Date: Friday, December 17, 2021
ALBUQUERQUE — Department of the Interior Assistant Secretary for Water and Science Tanya Trujillo was in Albuquerque, New Mexico, today to highlight the Bipartisan Infrastructure Law's $8.3 billion investments water management and drought resilience. During her visit, Assistant Secretary Trujillo met with City of Albuquerque and Bernalillo County officials, members of the healthcare community and Urban Waters federal partners, including the U.S. Fish and Wildlife Service, Bureau of Reclamation and the U.S. Geological Survey.
Assistant Secretary Trujillo visited the Albuquerque Middle Rio Grande Urban Waters location to underscore the importance of the Urban Waters Federal Partnership. Now celebrating its 10-year anniversary, Urban Waters brings together 15 federal agencies working collaboratively with local communities to restore urban waterways and surrounding lands to boost recreational opportunities, help local economies and protect the health of Americans.
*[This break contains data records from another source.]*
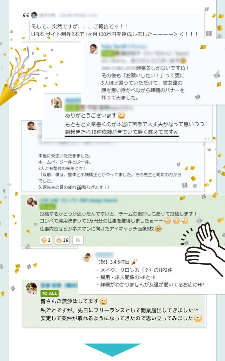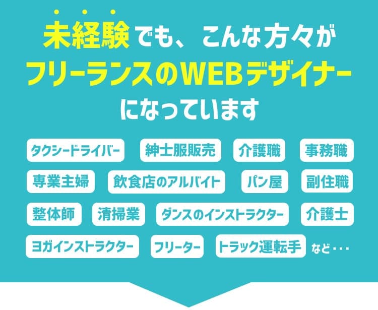 今回、無料WEBレッスンを公開する弊社は、これまで未経験から1600名以上の方をWEBデザイナーとして育てました。もともとは、落ちこぼれ社員を3日間で即戦力に変えなければいけない危機感から生まれた方法でした。この方法を実践した方は、短期間で下記のような成果をあげています。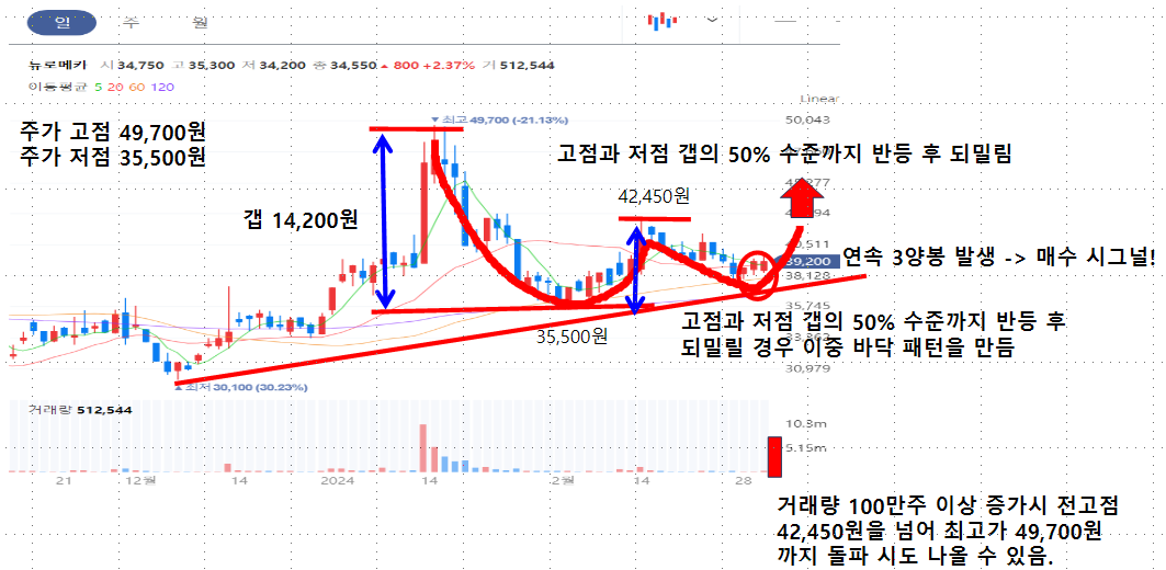 그리고, 이중바닥 패턴을 만들려는 초입에 매수세가 강함을 뜻하는 연속 3개의 양봉이 출회되었는데 여기서 거래량만 전고점 수준인 100만주 이상 증가해 준다면 전고점을 넘어 최고점인 49,700원까지 반등을 노려 볼 수 있습니다.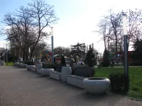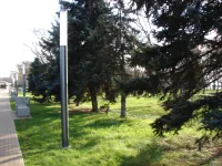 Комсомольский парк в предновогодние дни выглядит по-летнему зеленым.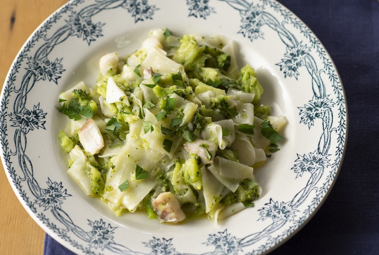 - 「餃子の皮」を手打ちパスタにしてしまう! 「餃子の皮でたらとブロッコリーのパスタ」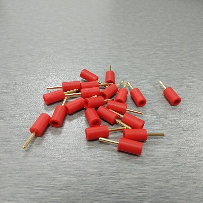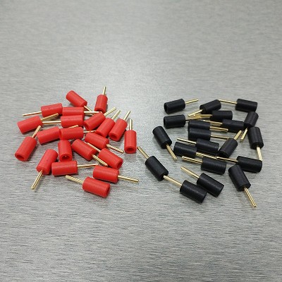 Adapter 2mm Pin to DIN 1.5mm Touch-Proof (TP) Male Connector (pin with safety protection enclosure). 5 pieces per pack. Available in colors black and red.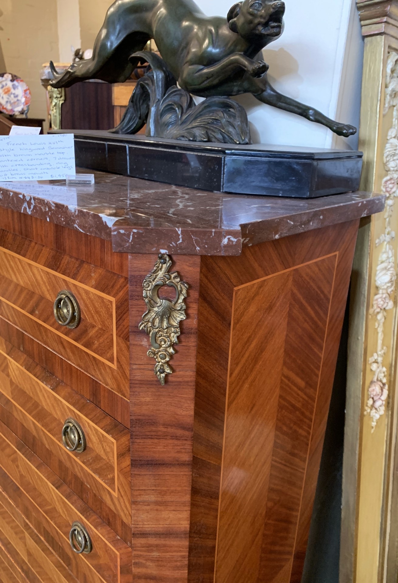 , cantered corners, 7 drawers with cross banding, ring handles and gilt brass mounts. c.1930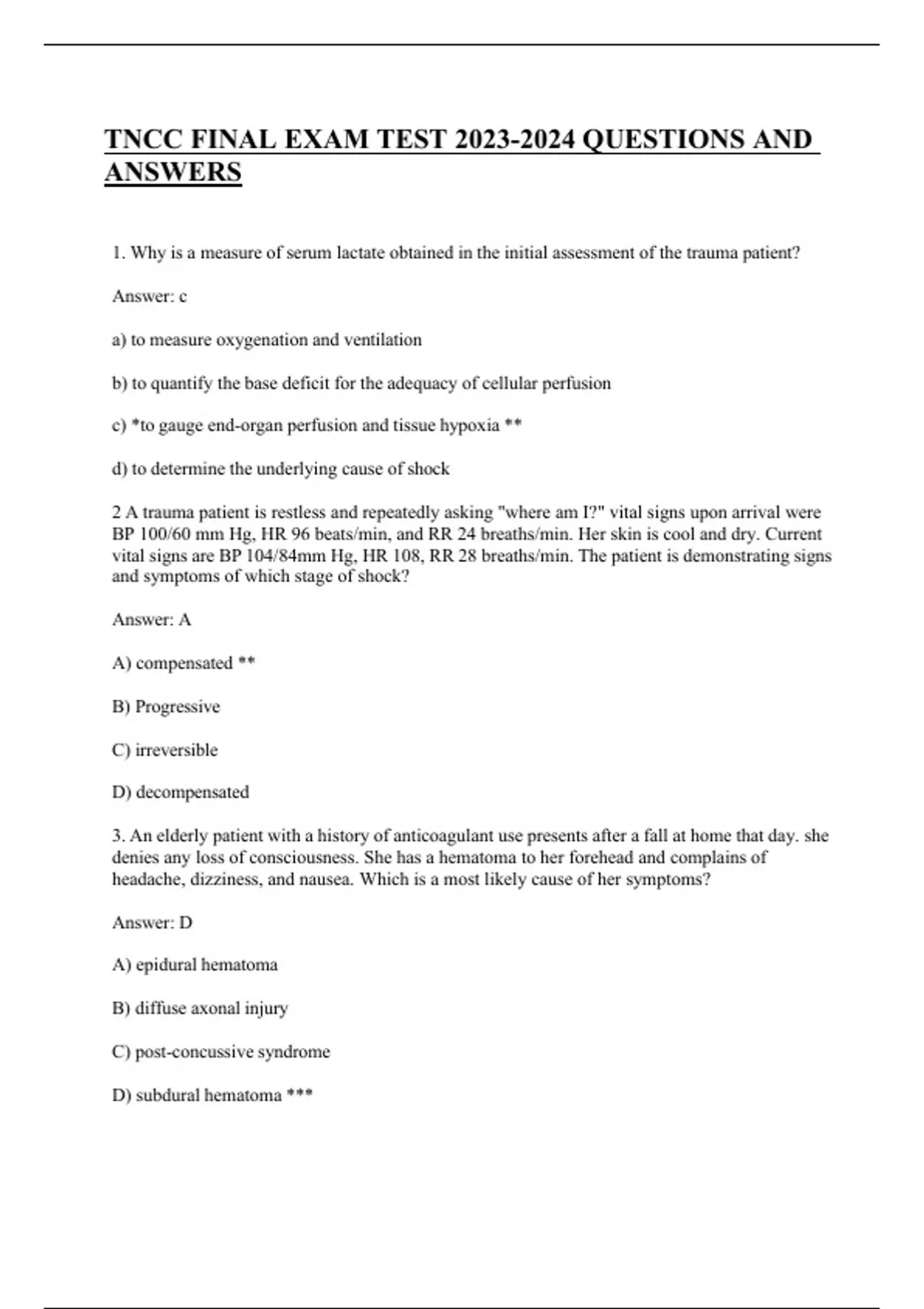 TNCC FINAL EXAM TEST QUESTIONS AND ANSWERS 1.Why is a measure of serum lactate obtained in the initial assessment of the trauma patient? Answer: c a)to measure oxygenation and ventilation b)to quantify the base deficit for the adequacy of cellular perfusion c)*to gauge end-organ perfusion and tissue hypoxia ** d)to determine the underlying cause of shock 2 A trauma patient is restless and repeatedly asking "where am I?" vital signs upon arrival were BP 100/60 mm Hg, HR 96 beats/min, and RR 24 breaths/min. Her skin is cool and dry. Current vital signs are BP 104/84mm Hg, HR 108, RR 28 breaths/min. The patient is demonstrating signs and symptoms of which stage of shock? Answer: A A)compensated ** B)Progressive C)irreversible D)decompensated
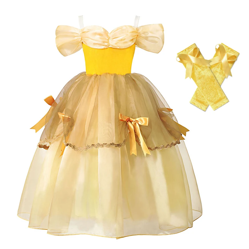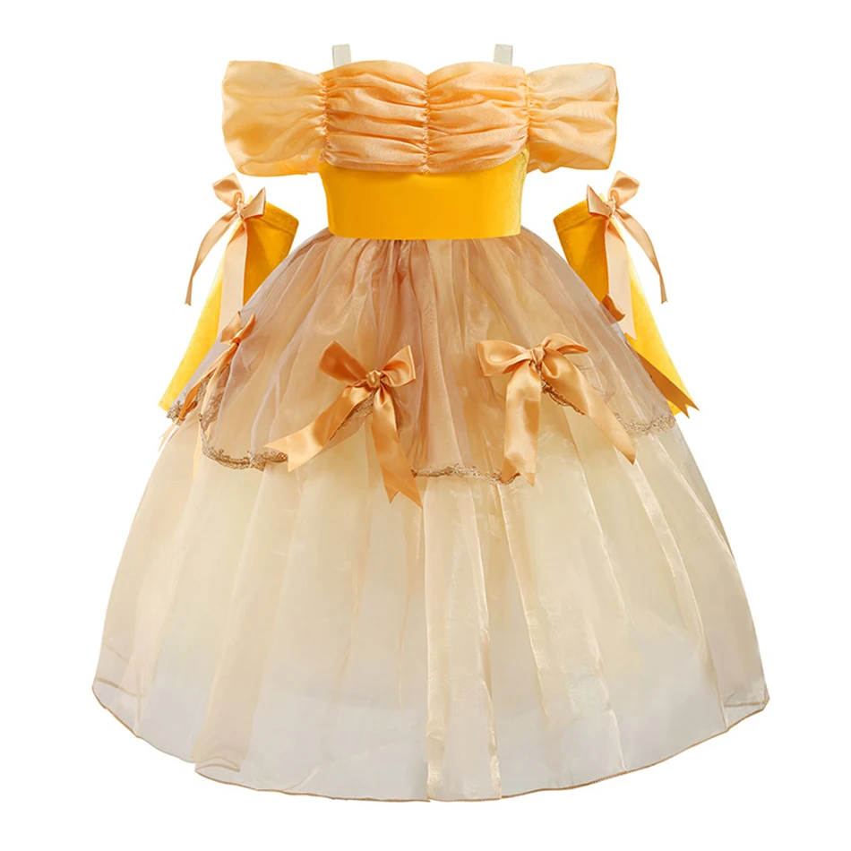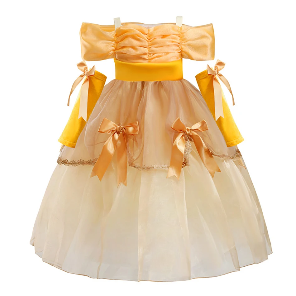 Для девочки "Принцесса Белль" платье для костюмированной вечеринки, костюм на день рождения вечерние одежда, детская одежда для Хэллоуина, длинное платье в пол, Спящая красавица Rella костюм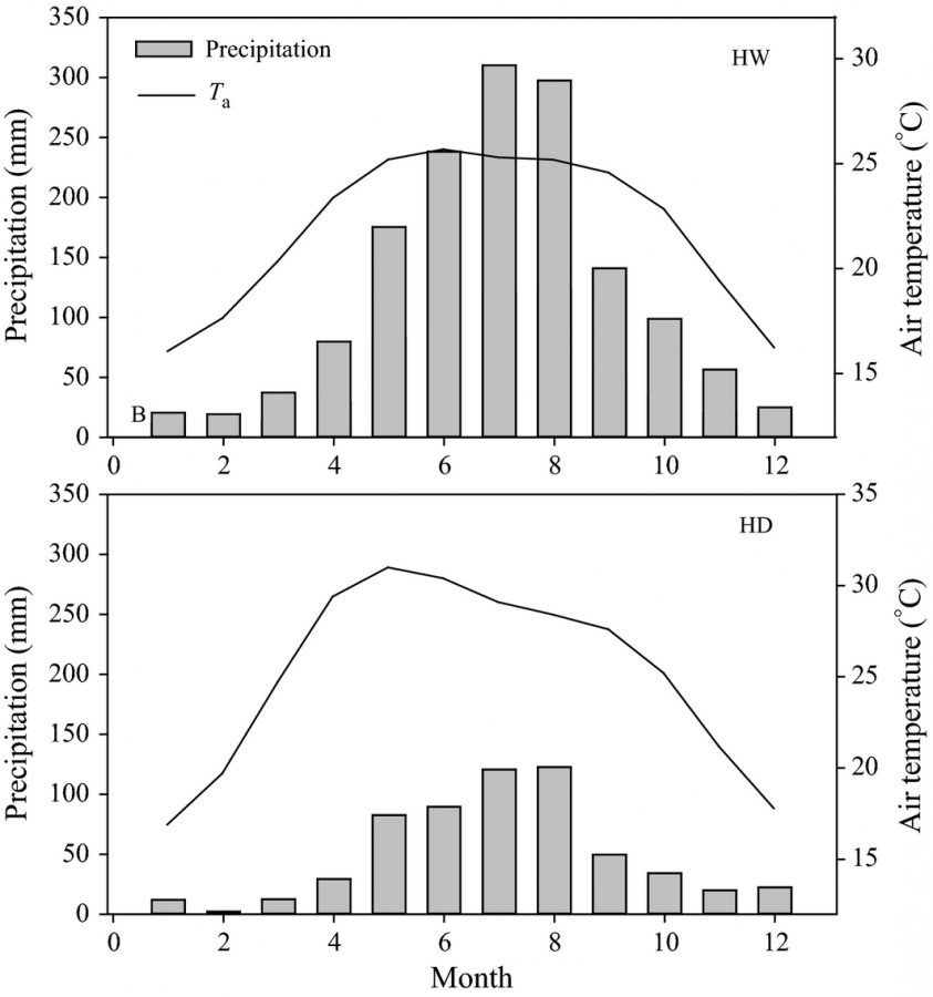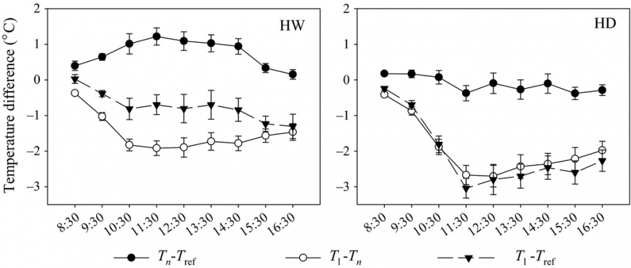 Monthly total precipitation and average air temperature in the hot wet habitat (HW) and the hot dry habitat (HD) 该研究成果以Stronger cooling effects of transpiration and leaf physical traits of the plants from a hot dry habitat than from a hot wet habitat 为题,发表在Functional Ecology 杂志上。该研究得到了国家自然科学基金(31200307),云南省应用基础研究项目(2013FB078)以及中科院国际人才计划(2016VBA036)的支持。研究过程中得到元江生态站和版纳生态站的大力支持。 随着全球变暖,植物的热适应成为人们关注的热点之一。叶片温度直接决定了植物所处的微环境。人们通常用气温来判断植物的生长环境,然而即使在相同气温下,植物的叶片温度也可能有很大差异,因此研究植物叶片温度的差异及其机制,有助于准确了解植物所处的微环境,深入认识植物的热适应。此前对叶片温度影响因子的研究大多针对某个性状或某几个性状,然而除了蒸腾以外,很多物理性状,如叶片大小、形状、物性、解剖结构以及光学特性等都会对叶片温度产生影响。某一个或几个叶片性状并不能完全决定叶片的温度,不能全面认识叶片温度的调控机制。 Diurnal temperature differences compared with the reference leaves for the plants from hot wet habitat (HW, n = 18) and hot dry habitat (HD, n = 20). 中国科学院西双版纳热带植物园树木年轮与环境变化研究组副研究员林华及其同事以种植在相同环境下的20种元江干热河谷冠层优势植物和18种热带雨林冠层优势植物为研究对象,利用红外热像仪对植物叶片的温度进行研究,并摸索出了“三温法”(叶片温度-无蒸腾叶片温度-参考叶片温度),成功对叶片物理温度效应和蒸腾温度效应进行了原位测量和分离。研究发现,相同环境下,元江干热河谷地区的植物叶片温度普遍低于热带雨林植物;干热河谷地区的植物叶片较小,反射率较高,吸收率较小,总的物理降温效果优于热带雨林植物。水分缺乏的时候,物理降温在一定程度上缓解了高温对叶片的胁迫;另一方面,干热河谷地区的植物蒸腾速率普遍高于热带雨林植物,蒸腾降温较热带雨林植物高,在叶片解剖结构上也表现出更大的叶脉密度和气孔面积指数(气孔长度×气孔数量)。即使在雨季,元江干热河谷地区的温度也可能超过40°C,高效的蒸腾降温保证了光合作用的顺利进行,使这些植物以更高的光合速率尽可能多地合成干物质以弥补生长季较短的不足。 相同环境下,干热河谷植物(HD)和热带雨林植物(HW)的叶片红外温度图像 该研究揭示了不同来源地植物叶片对高温环境的适应策略,体现了气体交换与植物叶片热力调节的协同进化,加深了人们对植物热适应的认识。 |

“The Urban Waters Federal Partnership has community engagement and water equity hard-wired into its mission, while embracing the importance of restoring and conserving our natural resources for the benefit of communities that rely on them,” said Assistant Secretary Trujillo. “Our country faces growing challenges to its infrastructure, water supply and ecosystems due to climate change and aging water delivery systems. Through the Bipartisan Infrastructure Law, we have a once-in-a-generation opportunity to invest in our nation’s western water and power infrastructure, rebuild our existing projects to withstand a changing hydrology, and support activities that restore watershed health and critical aquatic ecosystems.”
Assistant Secretary Trujillo also visited Valle de Oro National Wildlife Refuge, an urban refuge using innovative collaboration to support habitat restoration, stormwater drainage, youth employment and education, accessibility and environmental justice. During meetings with stakeholders, Assistant Secretary Trujillo discussed the ongoing project to develop a watershed-based plan for the Upper Tijeras Creek Watershed, Reclamation's recently completed wetland restoration project on the Refuge. The U.S. Fish and Wildlife Service has constructed a new Visitor Center Complex and, together with partners, is creating wetlands and native habitats, trails and an outdoor classroom space to better serve the community.
Assistant Secretary Trujillo also visited the 10-acre South Valley Health Commons, which seeks to address unmet needs for the South Valley, helping provide access to early childhood development programs, affordable healthy food and safe places. She met with stakeholders to discuss ongoing collaboration with community partners on the construction of South Valley Health Commons with opportunities for students to learn about growing food and native plants.